For very young kids in our towns, it can begin in the beautiful Maplewood Memorial Library—with “Music for Kids,” a new pilot series of engaging, interactive musical adventures, designed for children 3-to-8-years-old.
In our arts-rich community, there’s a wide-open opportunity to provide musical offerings for our youngest residents. Music For Kids aims to do just that! Children learn the joy of music best when they start early and are actively involved.
The newly reimagined library has plenty of quiet areas, but it also has large, welcoming common spaces like the Community Room.
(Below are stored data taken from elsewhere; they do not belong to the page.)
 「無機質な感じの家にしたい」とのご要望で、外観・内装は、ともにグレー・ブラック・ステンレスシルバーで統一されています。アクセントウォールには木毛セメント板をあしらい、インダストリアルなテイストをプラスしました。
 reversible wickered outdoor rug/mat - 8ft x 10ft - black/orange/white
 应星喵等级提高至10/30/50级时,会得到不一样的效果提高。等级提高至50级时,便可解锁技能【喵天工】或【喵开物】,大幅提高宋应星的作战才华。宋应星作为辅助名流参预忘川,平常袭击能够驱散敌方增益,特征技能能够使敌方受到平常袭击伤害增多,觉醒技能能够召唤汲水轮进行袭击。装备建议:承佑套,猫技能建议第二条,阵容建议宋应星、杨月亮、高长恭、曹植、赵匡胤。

That’s where Music for Kids will happen this fall, one Saturday morning per month, with two 60-minute sessions on each date.
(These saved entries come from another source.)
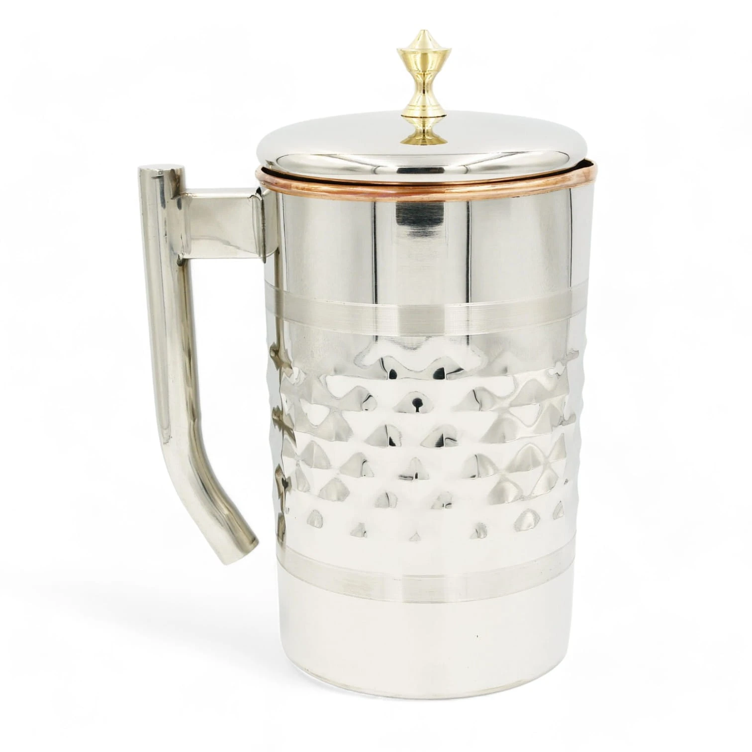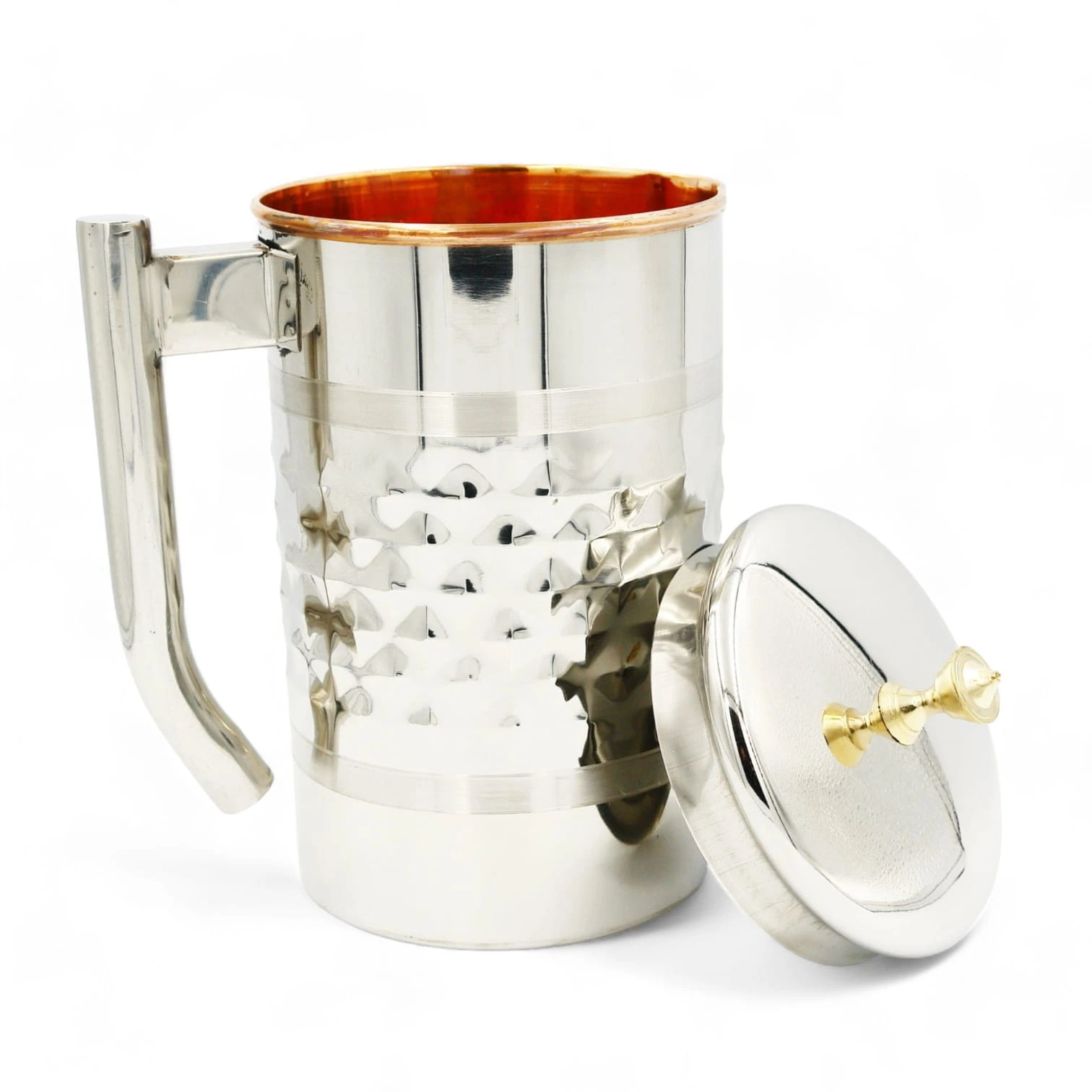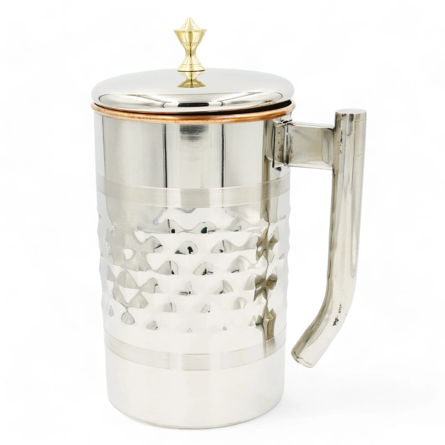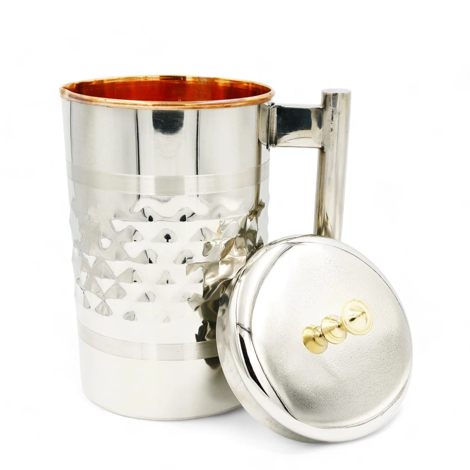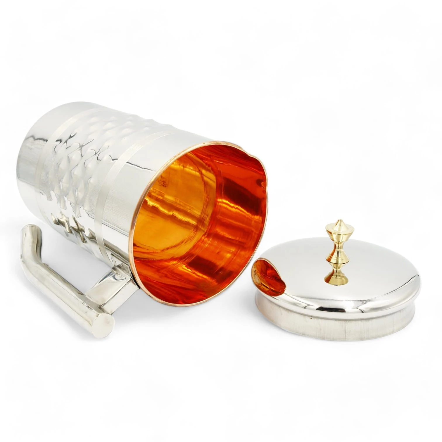 Pojemność 1900 ml mierzona po samą krawędź naczynia. Dzbanek ma podwójne ścianki i zewnętrzna warstwa jest wykonana ze stali nierdzewnej a środek jest “wyłożony” czystą miedzią w celu jonizowania i uzdatniania wody.
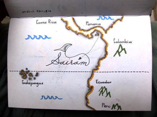 The boat’s popularity is undeniable. Sairam is a Polynesian-style catamaran–that is, a catamaran whose two hulls are connected by stalwart wooden beams. When I first saw the boat pull into Playita anchorage, I had been on Dirk’s boat, and we made a few sly comments. Now I recant. Dirk has also come around to appreciate the uniqueness of Sairam. Guido says that on arrival in French Polynesia, and from then on through the Polynesian islands, he expects the inhabitants to be ecstatic to see such a large version of their traditional rowing vessels. Even now, sailors and cruisers are seemingly mystified by the construction of Sairam, and refer to it as the Water World boat. The only true difference is that Guido, unlike Kevin Costner, does not swing like a marine Tarzan from one hull to the other.
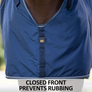 Deep V Closed front has a deeper cut, allowing your horse's head down without pulling the blanket forward, avoiding discomfort or rubbing.

Each program will explore different musical instruments and elements. The programs will be guided and performed by world-class musicians and teaching artists, many of whom live here in SOMA.
Teaching artists and musicians will engage with the audience through lively interaction, such as clapping, counting, and singing, so that kids are part of the musical experience as well as learning about it.
The wife-and-wife duo leading the curation of the series are South Orange residents Lizzie Burns, bassist and teaching artist, and Deanna Kennett, Assistant Director at Carnegie Hall and teaching artist consultant. Details are as follows:
September 20: “Game On! Cello and Bass,” with Caitlin Sullivan, cellist, and Lizzie Burns, bassist
October 18: “Meet Your Musical Imagination!” with Adam Cockerham, lutenist and South Orange resident; Lizzie Burns, bassist; and Rubén Rengel & Katie Hyun, violinists
November 15: “Songwriting on the Spot,” with Mary Amato, songwriter, author, In Tune teaching artist, and South Orange resident; and Tricia Tunstall, music educator and Maplewood Arts Council co-founder/member.
On each of these dates, the program will be presented twice, at 10-11am and at 11:30am-12:30pm. The target audience age is 3-8, but the series is open to all.
Music for Kids is sponsored by The Maplewood Library with the support of an arts grant from Essex County. This series was inspired by a similar program created 30 years ago by Maplewood’s late, beloved community arts pioneer Jim Buchanan. That program had a long and memorable run at the Burgdorff Center from the mid-1990s to the early 2000s.